## Data to process
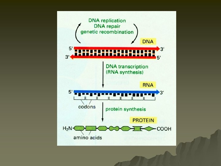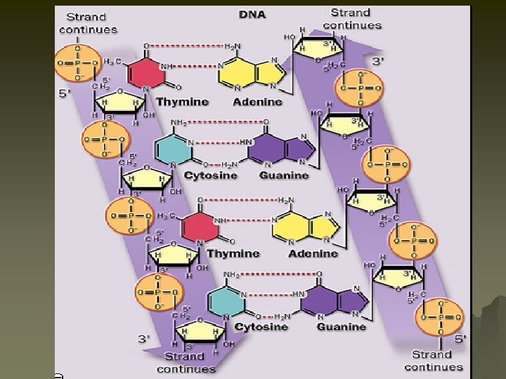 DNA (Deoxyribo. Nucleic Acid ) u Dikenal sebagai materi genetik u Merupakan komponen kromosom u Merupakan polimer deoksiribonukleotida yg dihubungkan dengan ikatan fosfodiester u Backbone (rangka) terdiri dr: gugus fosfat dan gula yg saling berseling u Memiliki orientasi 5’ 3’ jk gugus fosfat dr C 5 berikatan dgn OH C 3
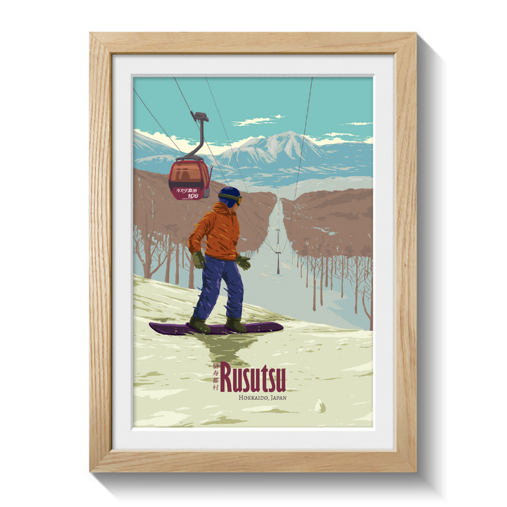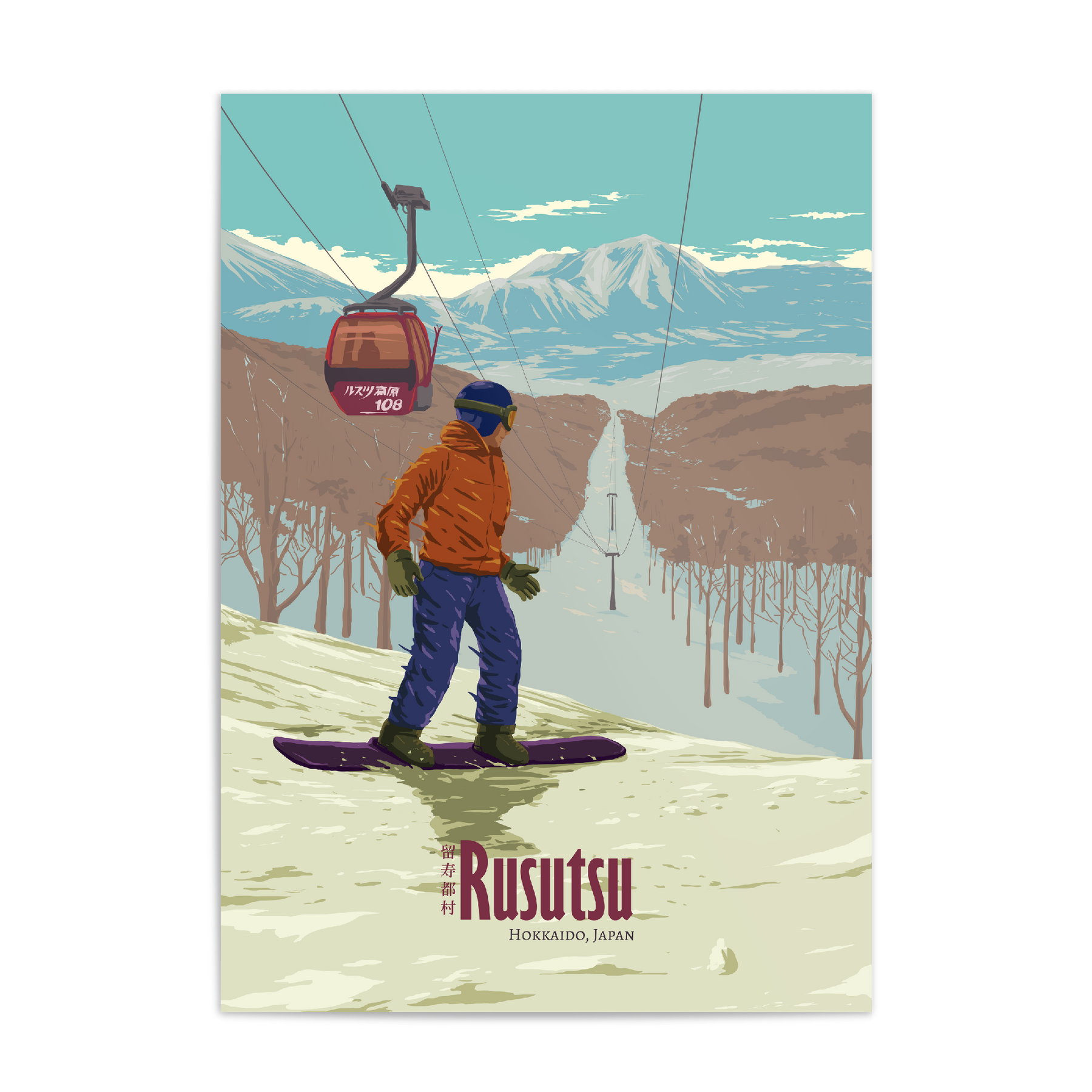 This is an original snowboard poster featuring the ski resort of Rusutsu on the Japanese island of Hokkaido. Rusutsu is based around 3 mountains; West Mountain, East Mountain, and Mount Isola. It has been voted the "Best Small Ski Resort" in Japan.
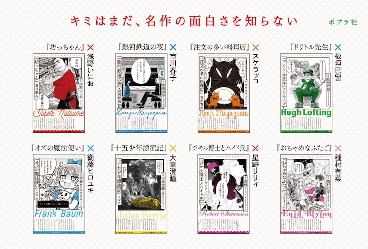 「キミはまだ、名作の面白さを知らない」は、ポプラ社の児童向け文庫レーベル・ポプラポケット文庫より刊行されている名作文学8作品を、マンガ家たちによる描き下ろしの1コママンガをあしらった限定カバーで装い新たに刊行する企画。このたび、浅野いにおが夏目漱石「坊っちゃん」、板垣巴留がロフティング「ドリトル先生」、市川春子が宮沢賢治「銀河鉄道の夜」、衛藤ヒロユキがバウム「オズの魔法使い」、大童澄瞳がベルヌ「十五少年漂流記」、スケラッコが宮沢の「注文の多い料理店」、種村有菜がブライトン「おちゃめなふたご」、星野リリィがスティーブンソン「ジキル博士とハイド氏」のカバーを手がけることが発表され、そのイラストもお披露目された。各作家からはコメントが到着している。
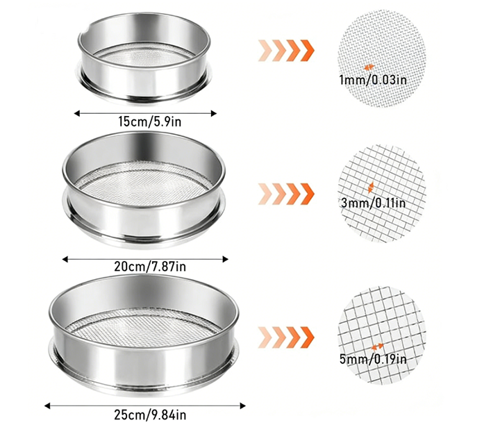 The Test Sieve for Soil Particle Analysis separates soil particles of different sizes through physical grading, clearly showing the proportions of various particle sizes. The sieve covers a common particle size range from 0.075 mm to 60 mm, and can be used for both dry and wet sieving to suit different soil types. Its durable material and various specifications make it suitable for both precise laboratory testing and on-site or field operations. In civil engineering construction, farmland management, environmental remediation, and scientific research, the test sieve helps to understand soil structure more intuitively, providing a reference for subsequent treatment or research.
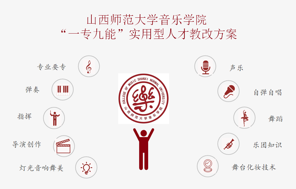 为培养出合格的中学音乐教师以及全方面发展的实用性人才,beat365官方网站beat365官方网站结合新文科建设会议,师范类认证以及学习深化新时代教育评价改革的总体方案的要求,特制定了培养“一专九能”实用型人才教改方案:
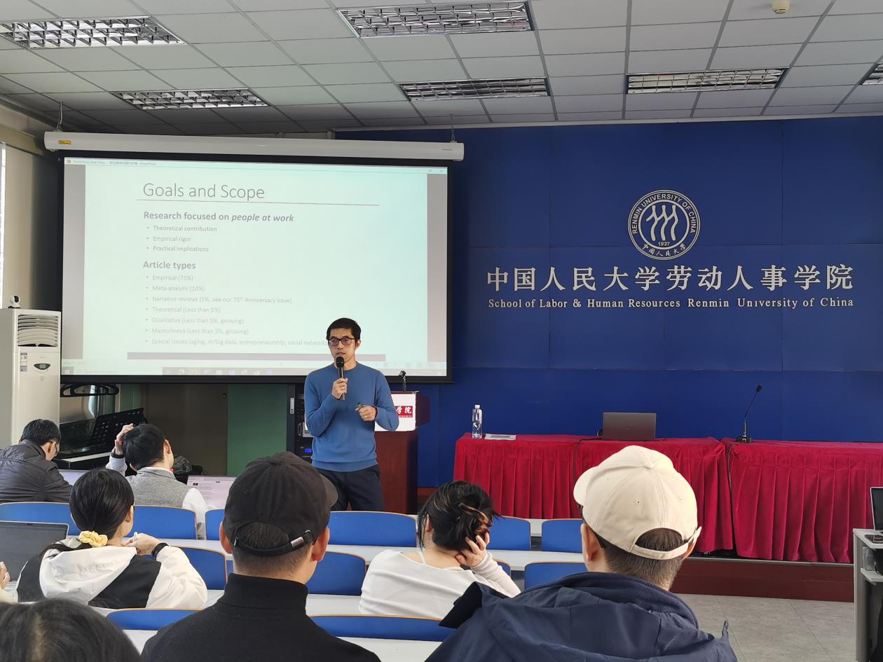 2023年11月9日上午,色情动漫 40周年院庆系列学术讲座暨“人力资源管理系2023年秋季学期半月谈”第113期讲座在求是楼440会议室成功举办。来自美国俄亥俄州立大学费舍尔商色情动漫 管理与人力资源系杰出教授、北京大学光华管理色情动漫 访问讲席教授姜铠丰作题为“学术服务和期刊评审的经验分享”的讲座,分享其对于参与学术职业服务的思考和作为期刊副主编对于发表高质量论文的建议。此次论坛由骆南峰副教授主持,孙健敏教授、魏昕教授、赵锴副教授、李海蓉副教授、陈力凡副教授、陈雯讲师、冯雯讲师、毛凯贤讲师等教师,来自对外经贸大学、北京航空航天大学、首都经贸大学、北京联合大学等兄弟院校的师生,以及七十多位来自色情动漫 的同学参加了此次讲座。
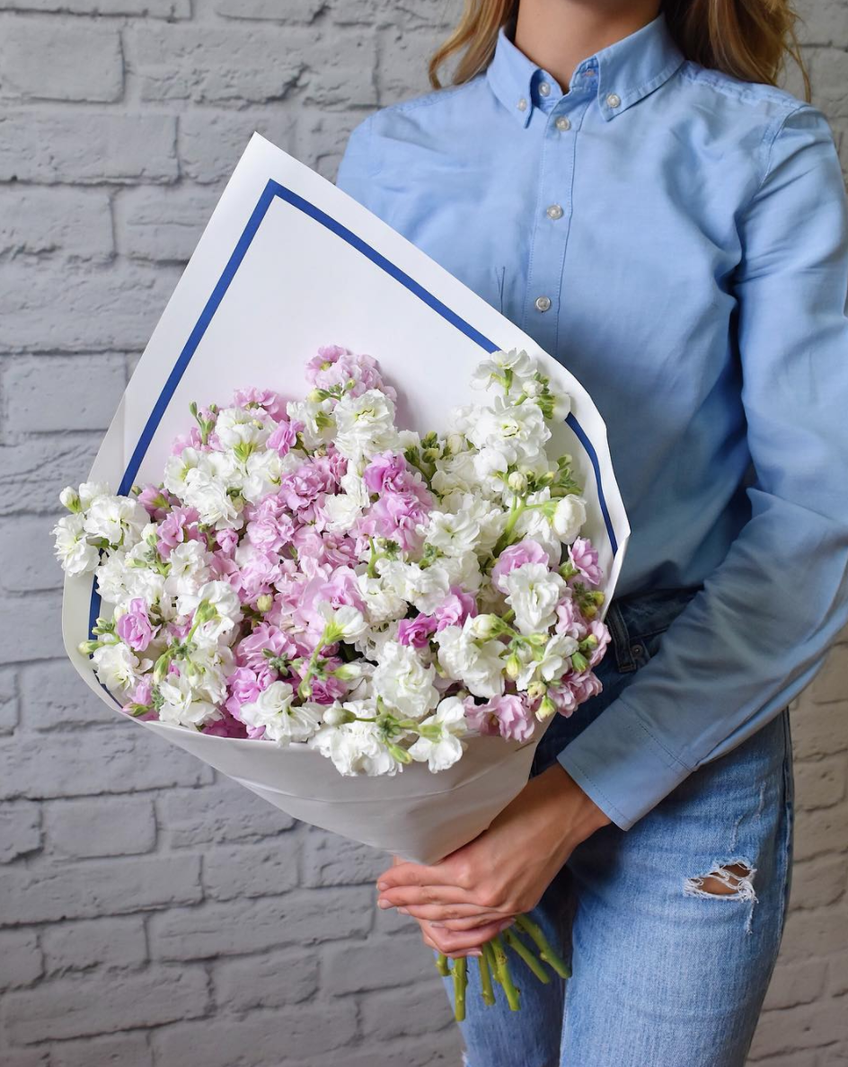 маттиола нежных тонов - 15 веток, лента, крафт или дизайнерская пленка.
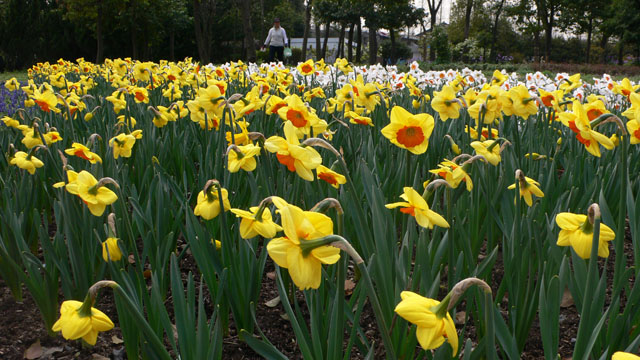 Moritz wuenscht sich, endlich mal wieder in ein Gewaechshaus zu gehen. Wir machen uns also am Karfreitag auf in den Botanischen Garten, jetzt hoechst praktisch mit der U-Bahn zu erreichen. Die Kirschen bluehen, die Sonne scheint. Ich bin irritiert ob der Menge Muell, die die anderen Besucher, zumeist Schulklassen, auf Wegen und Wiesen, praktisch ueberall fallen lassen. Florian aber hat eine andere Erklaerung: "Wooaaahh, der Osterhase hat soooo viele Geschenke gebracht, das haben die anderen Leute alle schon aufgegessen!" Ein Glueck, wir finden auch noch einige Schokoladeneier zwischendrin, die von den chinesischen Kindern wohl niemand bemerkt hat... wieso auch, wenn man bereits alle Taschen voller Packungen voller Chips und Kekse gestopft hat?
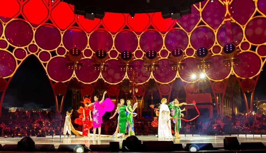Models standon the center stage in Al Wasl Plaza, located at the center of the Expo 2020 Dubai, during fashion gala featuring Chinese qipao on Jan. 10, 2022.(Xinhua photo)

## What to produce
Nothing but the text of the listing should be set down, exactly, with the pictures left behind.

## Output
 DNA (Deoxyribo. Nucleic Acid ) u Dikenal sebagai materi genetik u Merupakan komponen kromosom u Merupakan polimer deoksiribonukleotida yg dihubungkan dengan ikatan fosfodiester u Backbone (rangka) terdiri dr: gugus fosfat dan gula yg saling berseling u Memiliki orientasi 5’ 3’ jk gugus fosfat dr C 5 berikatan dgn OH C 3
 This is an original snowboard poster featuring the ski resort of Rusutsu on the Japanese island of Hokkaido. Rusutsu is based around 3 mountains; West Mountain, East Mountain, and Mount Isola. It has been voted the "Best Small Ski Resort" in Japan.
 「キミはまだ、名作の面白さを知らない」は、ポプラ社の児童向け文庫レーベル・ポプラポケット文庫より刊行されている名作文学8作品を、マンガ家たちによる描き下ろしの1コママンガをあしらった限定カバーで装い新たに刊行する企画。このたび、浅野いにおが夏目漱石「坊っちゃん」、板垣巴留がロフティング「ドリトル先生」、市川春子が宮沢賢治「銀河鉄道の夜」、衛藤ヒロユキがバウム「オズの魔法使い」、大童澄瞳がベルヌ「十五少年漂流記」、スケラッコが宮沢の「注文の多い料理店」、種村有菜がブライトン「おちゃめなふたご」、星野リリィがスティーブンソン「ジキル博士とハイド氏」のカバーを手がけることが発表され、そのイラストもお披露目された。各作家からはコメントが到着している。
 The Test Sieve for Soil Particle Analysis separates soil particles of different sizes through physical grading, clearly showing the proportions of various particle sizes. The sieve covers a common particle size range from 0.075 mm to 60 mm, and can be used for both dry and wet sieving to suit different soil types. Its durable material and various specifications make it suitable for both precise laboratory testing and on-site or field operations. In civil engineering construction, farmland management, environmental remediation, and scientific research, the test sieve helps to understand soil structure more intuitively, providing a reference for subsequent treatment or research.
 为培养出合格的中学音乐教师以及全方面发展的实用性人才,beat365官方网站beat365官方网站结合新文科建设会议,师范类认证以及学习深化新时代教育评价改革的总体方案的要求,特制定了培养“一专九能”实用型人才教改方案:
 2023年11月9日上午,色情动漫 40周年院庆系列学术讲座暨“人力资源管理系2023年秋季学期半月谈”第113期讲座在求是楼440会议室成功举办。来自美国俄亥俄州立大学费舍尔商色情动漫 管理与人力资源系杰出教授、北京大学光华管理色情动漫 访问讲席教授姜铠丰作题为“学术服务和期刊评审的经验分享”的讲座,分享其对于参与学术职业服务的思考和作为期刊副主编对于发表高质量论文的建议。此次论坛由骆南峰副教授主持,孙健敏教授、魏昕教授、赵锴副教授、李海蓉副教授、陈力凡副教授、陈雯讲师、冯雯讲师、毛凯贤讲师等教师,来自对外经贸大学、北京航空航天大学、首都经贸大学、北京联合大学等兄弟院校的师生,以及七十多位来自色情动漫 的同学参加了此次讲座。
 маттиола нежных тонов - 15 веток, лента, крафт или дизайнерская пленка.
 Moritz wuenscht sich, endlich mal wieder in ein Gewaechshaus zu gehen. Wir machen uns also am Karfreitag auf in den Botanischen Garten, jetzt hoechst praktisch mit der U-Bahn zu erreichen. Die Kirschen bluehen, die Sonne scheint. Ich bin irritiert ob der Menge Muell, die die anderen Besucher, zumeist Schulklassen, auf Wegen und Wiesen, praktisch ueberall fallen lassen. Florian aber hat eine andere Erklaerung: "Wooaaahh, der Osterhase hat soooo viele Geschenke gebracht, das haben die anderen Leute alle schon aufgegessen!" Ein Glueck, wir finden auch noch einige Schokoladeneier zwischendrin, die von den chinesischen Kindern wohl niemand bemerkt hat... wieso auch, wenn man bereits alle Taschen voller Packungen voller Chips und Kekse gestopft hat?
Models standon the center stage in Al Wasl Plaza, located at the center of the Expo 2020 Dubai, during fashion gala featuring Chinese qipao on Jan. 10, 2022.(Xinhua photo)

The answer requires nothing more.